Yes, this Hormone Imbalance Correcting Soup - Miso and Wakame Seaweed Soup with Tofu recipe is designed to be PCOS-friendly. At 150 calories per serving with 10g of protein, it supports balanced blood sugar and hormonal health. It also provides 2g of fiber, which helps with insulin sensitivity.

This recipe takes about 25 minutes total. Prep time is 10 minutes and cook time is 15 minutes.

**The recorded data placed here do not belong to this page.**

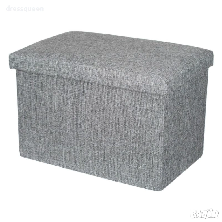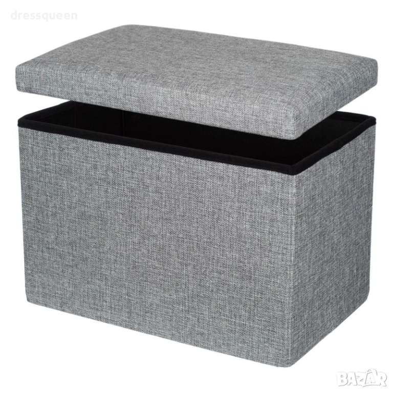 Като сгъваема табуретка ракла, тя предлага бързо решение за скриване на хаоса в стаята. Капакът е подплатен с мека пяна за максимален комфорт, а вътрешността е облицована с тъмен текстил за чист и завършен вид. Независимо дали я използвате в спалнята за съхранение на дрехи или в хола като подложка за крака, тази сива табуретка ще се превърне в любимия Ви помощник у дома.
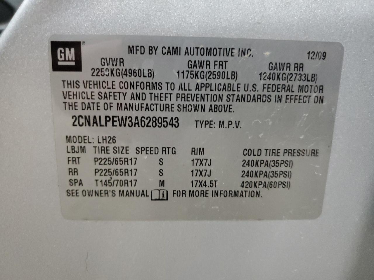 CHEVROLET EQUINOX 2.4 2010 р.в., (2CNALPEW3A6289543) з США
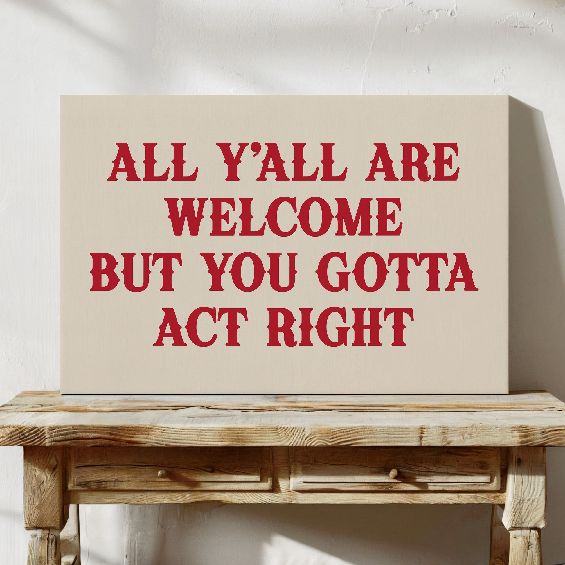 Southern charm meets sass in this bold red typography print. The perfect welcome sign with a little attitude.
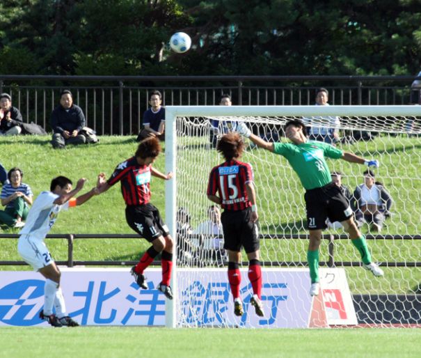 好天に恵まれたが海からの風は強い。前半風上を取ったコンサドーレは、動きは良かったがシュートが正確さを欠いて0点。さらに17分にはダニルソンをけがで欠いた。だが、後半3分にこの日中盤に入っていた上里一将が、相手ペナルティーエリア前で反則を得てフリーキック。左足でゴール右にカーブの懸ったボールを決めた。このまま逃げ切ったがサポーターは気が気ではなかった。
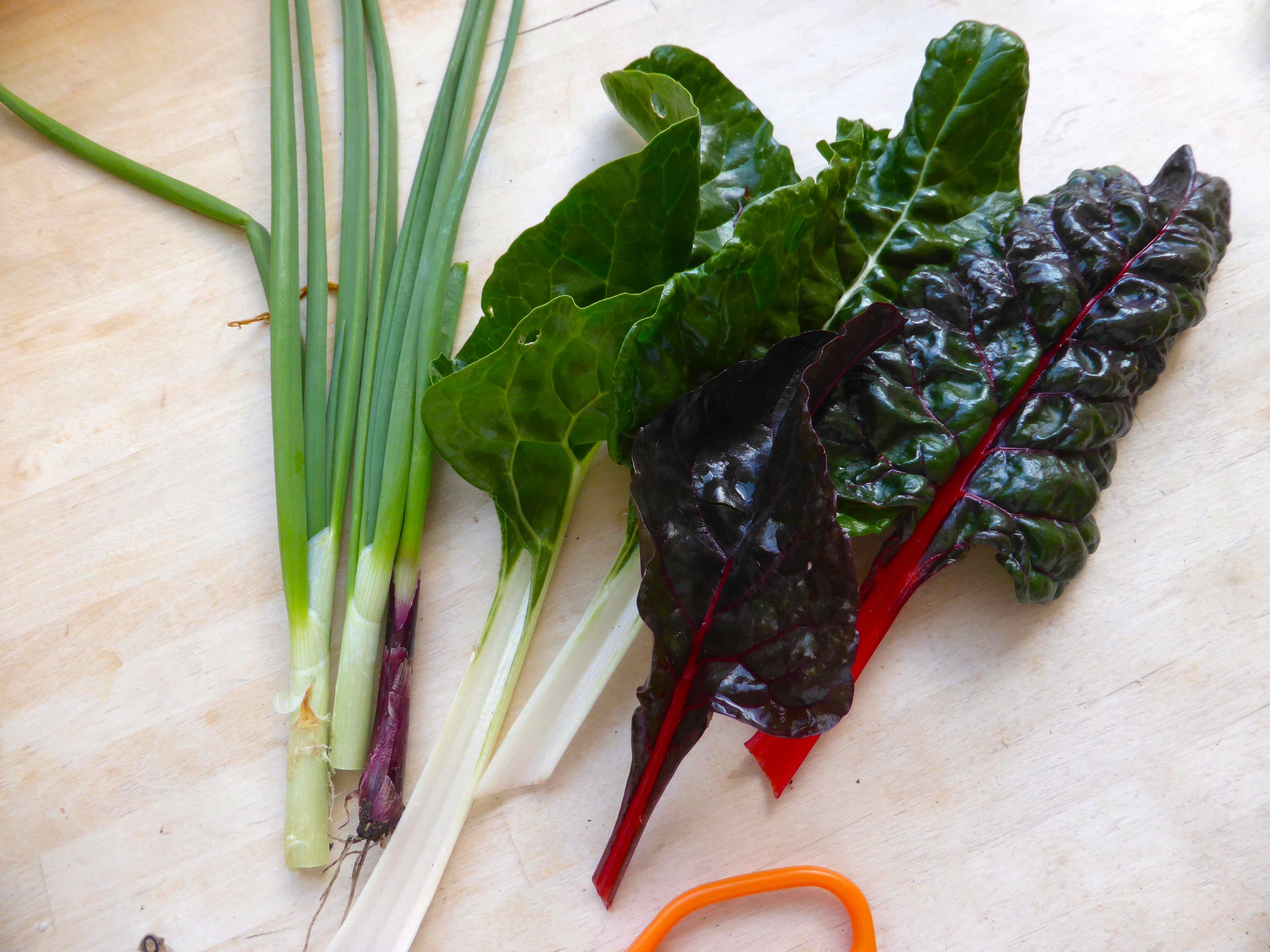I stir fried in water rather then oil, the following: garlic, broccoli, red pepper, celery, mushrooms plus the swiss chard and spring onions. Eaten with some soy sauce and chilli flakes. It was so good.
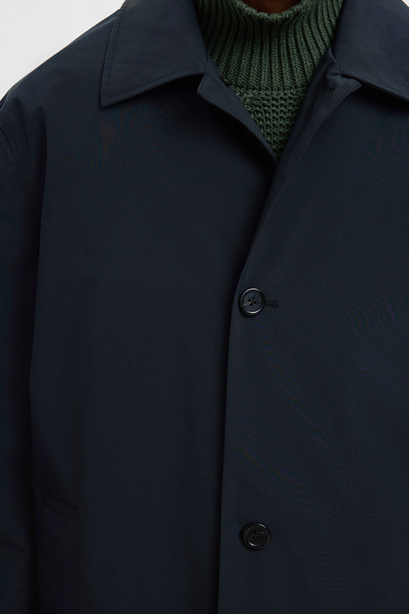 - Tech‑płaszcz zapinany na jeden rząd guzików, regular fit, wodoodporny, wiatroszczelny i oddychający
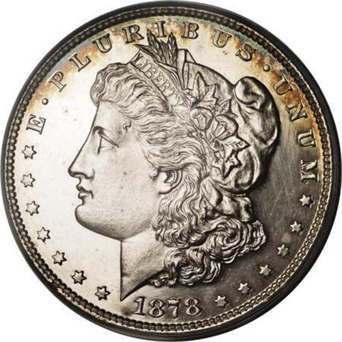<B>1878 8TF $1 PR61 Cameo PCGS.</B></I> VAM-14.3. A brilliant proof with delicate champagne toning accompanied by splashes of gold and pale blue at the top of the obverse and bottom of the reverse. Most proof 1878 Morgan dollars feature the eight tailfeathers reverse, struck early in the year. Later proofs were coined after the change to the seven tailfeathers proofs. Conventional wisdom suggests mintages of 500 and 250 coins respectively.<BR><BR><b>Shipping:</b> Coins & Currency (<a target="_blank" href="http://www.heritageauctions.com/common/shipping.php">view shipping information</a>)
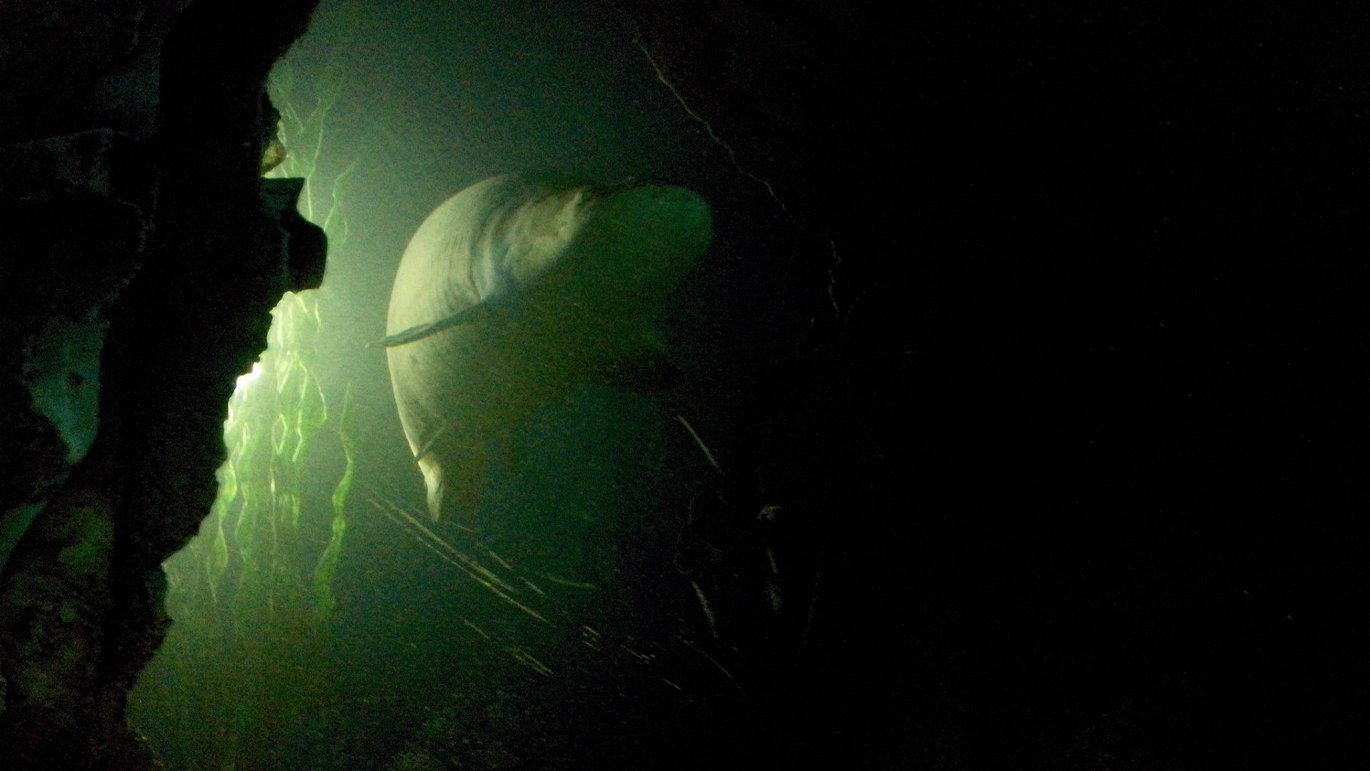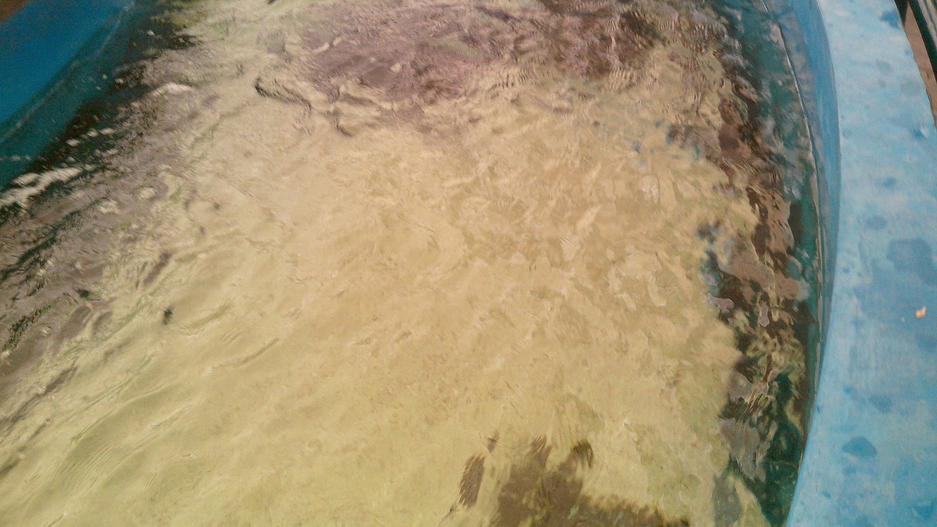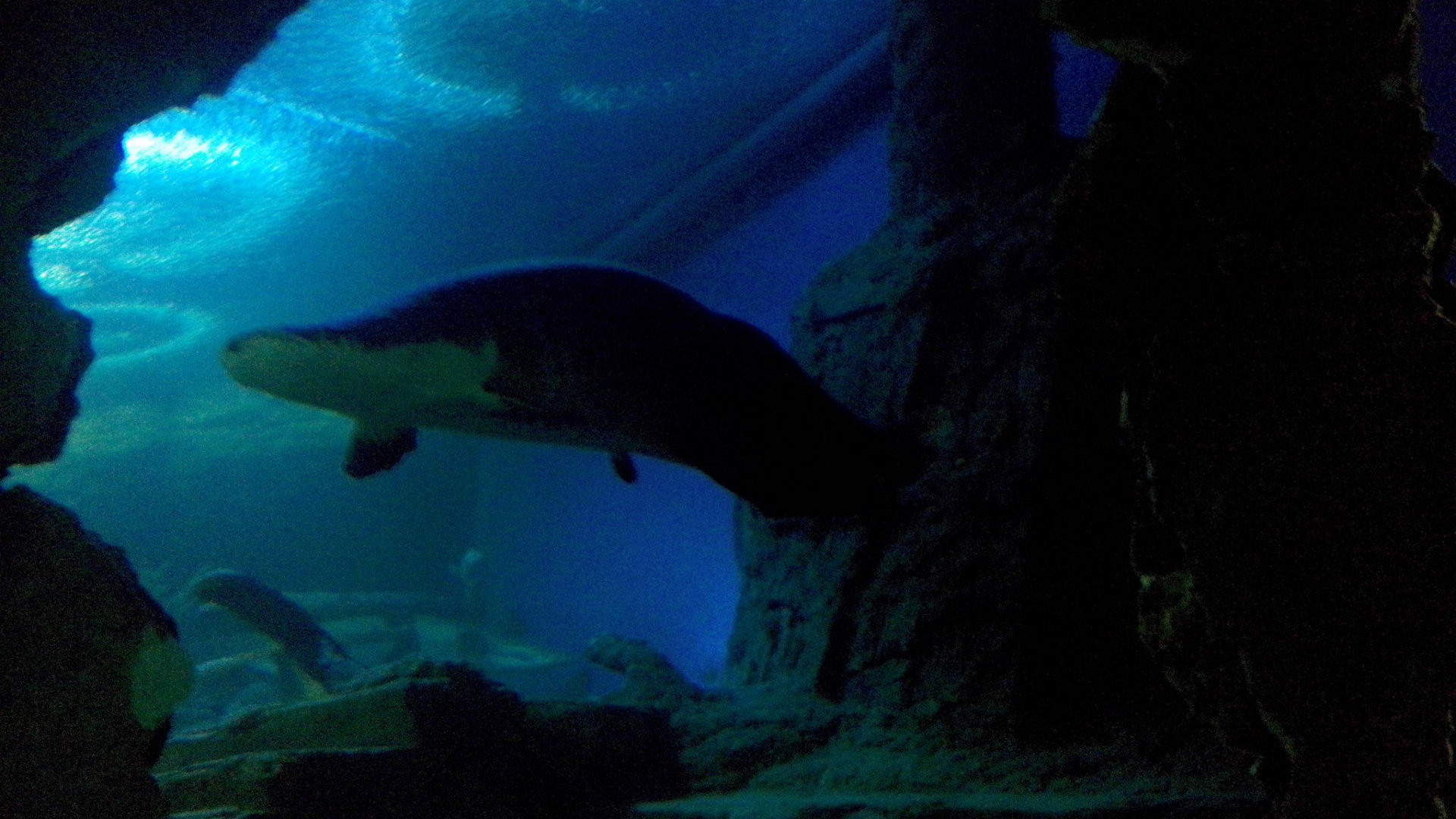 Первая часть находится на открытом воздухе. Там плавают карпы и скаты. Вот эти мутные пятна в воде, это скаты. :) Они на самом деле большие и иногда всплывают глянуть на туристов.
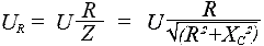 Если к источнику переменного синусоидального напряжения U частотой f подключить последовательно резистор сопротивлением Rи конденсатор ёмкостью C, падение напряжения на каждом из элементов можно вычислить исходя из коэффициента деления с импедансом Z.
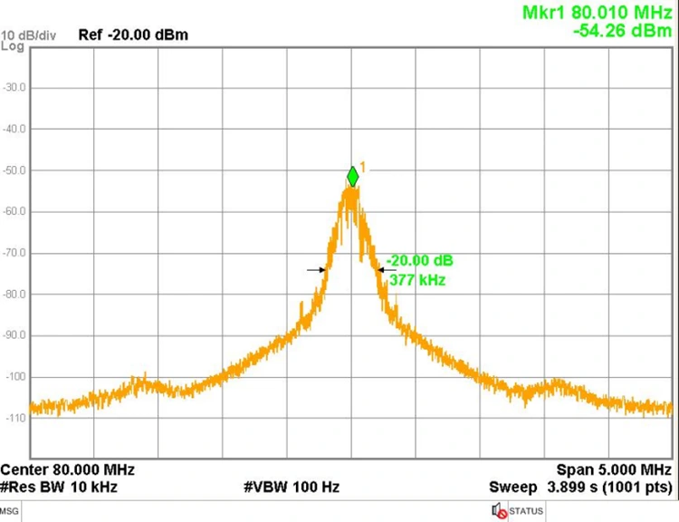 Ширина линии 3 дБ = ширина линии частоты биений 20 дБ/20
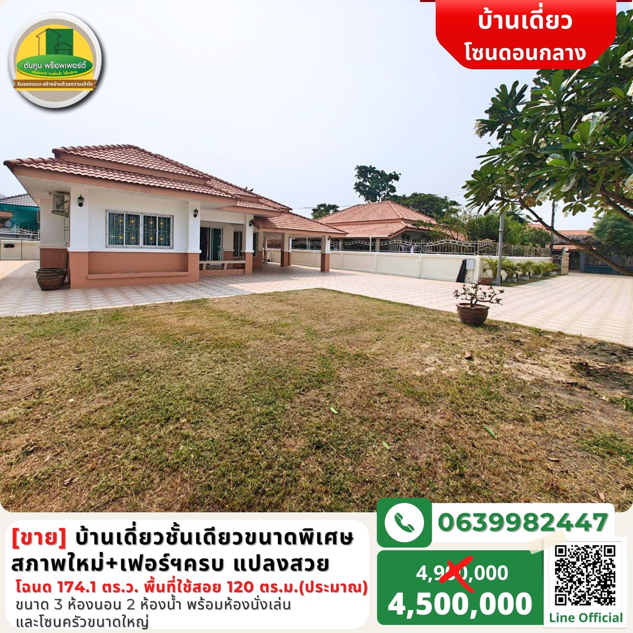 [ขาย] บ้านเดี่ยวชั้นเดียวขนาดพิเศษบนเนื้อที่เกือบ 2 งาน สภาพใหม่เฟอร์ฯครบ ในโครงการหมู่บ้าน โซนดอนกลาง
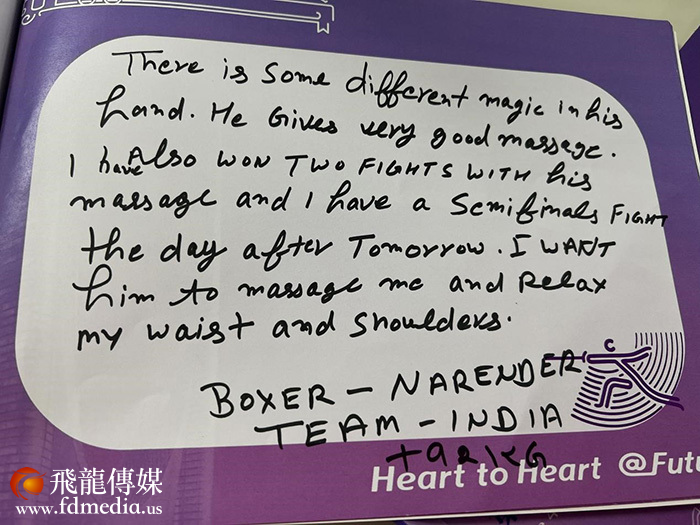 "他们有一双神奇的手,让我体验到了最棒的按摩。经过医生专业的按摩理疗后,我成为两场拳击比赛的胜利者。“印度拳击队队员NARENDER为”神秘的东方力量“点赞。

It makes 2 servings, so you can meal prep for multiple days.

Per serving: 150 calories, 10g protein (27%), 15g carbs, 5g fat. Plus 2g fiber. PCOS meal plans typically aim for 30% protein, 35% fat, 35% carbs to support insulin sensitivity.

Yes, this recipe works well as a PCOS-friendly Dinner. At 150 calories, it fits within typical PCOS meal plan targets for Dinner. Pair it with other PCOS-friendly foods throughout the day for balanced nutrition.

This recipe can be part of a structured PCOS meal plan. It makes 2 servings, making it great for meal prep. For a complete weekly plan tailored to your PCOS type, take our free 60-second quiz at pcosmealplanner.com/pcos-quiz to get a personalized 7-day meal plan.